# I'm going car shopping tomorrow.



## garsh

I currently have two cars - a 2009 Honda Odyssey and a 2012 Nissan Leaf, both with about 90k miles.

My original plan was to get a Model 3, sell the Leaf, and we'd keep the minivan. But given all my talking over the last two years about this awesome Model 3 that I'll be getting, and the wife no longer likes that idea.

So then she was thinking that we'd trade in the minivan and she'd drive the Leaf for a while. But now she's seen just how much range the car's degraded battery gets in this cold weather with the heater running. I told her that I could just take the Leaf to work on the few days when she needs to go on a longer trip. But I'm used to running that Leaf down through Low Battery Warning, and Very Low Battery Warning, with the car giving up on displaying an approximate available range. She's going to freak out when it says she has less than 10 miles left, and I don't blame her. Low-range EVs are for strange people who are willing to put up with them - they are not for the masses.

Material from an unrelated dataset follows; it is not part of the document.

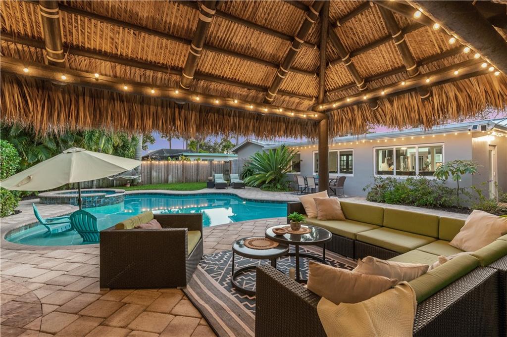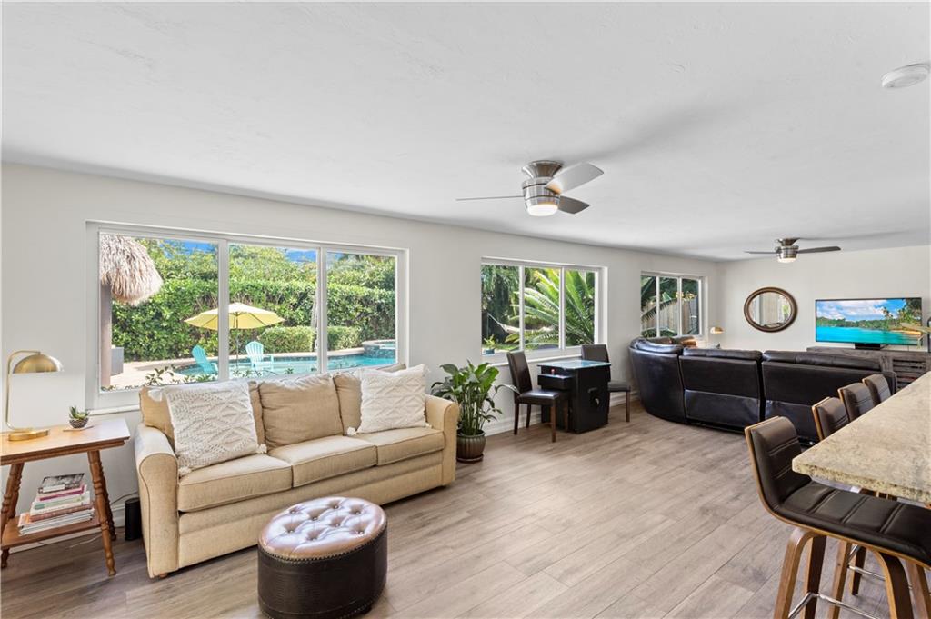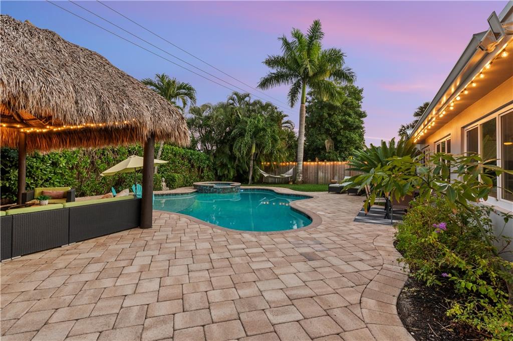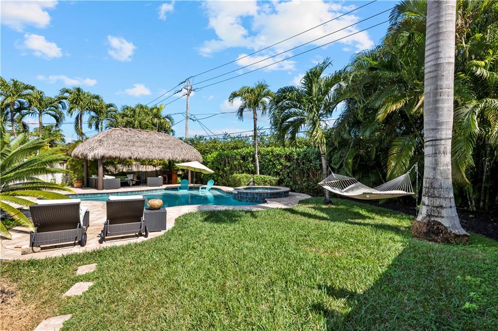 Beautiful Tropical Oasis nestled in the Prestigious Imperial Point area. Move-in-ready home features a tropical landscape, large swimming pool with sun shelf, oversized in-ground hot tub flowing into the pool, outdoor heated pool shower and covered bar. Spacious 3 bed 2 bath home offers two dining areas, large walk-in pantry accessible to kitchen, beautifully updated kitchen with granite countertops, top of the line appliances, large breakfast bar for seating, indoor laundry room, multiple living areas, wood look tile, updated bathrooms, recess lighting and so much more. This home comes with a metal roof and hurricane impact doors and windows. New exterior paint and landscaping gives the perfect curb appeal. All cast iron piping has been replaced with PVC. This home is ideal!

So then we decided we'd get her a car shortly after I get the Model 3. That plan lasted almost a week before she decided that we should probably not wait. So, I'm taking tomorrow off work and we're going to look at some vehicles.

I did talk her into getting a used Hyundai. That 5 year warranty is hard to beat. You get a 1- or 2-yo Hyundai, and you still have more warranty left than a brand new Honda. She wants a small SUV - she likes sitting up a little higher, but she wants something a lot smaller than the old minivan. So we'll be looking at some Tucsons, and maybe a Santa Fe Sport (the short one).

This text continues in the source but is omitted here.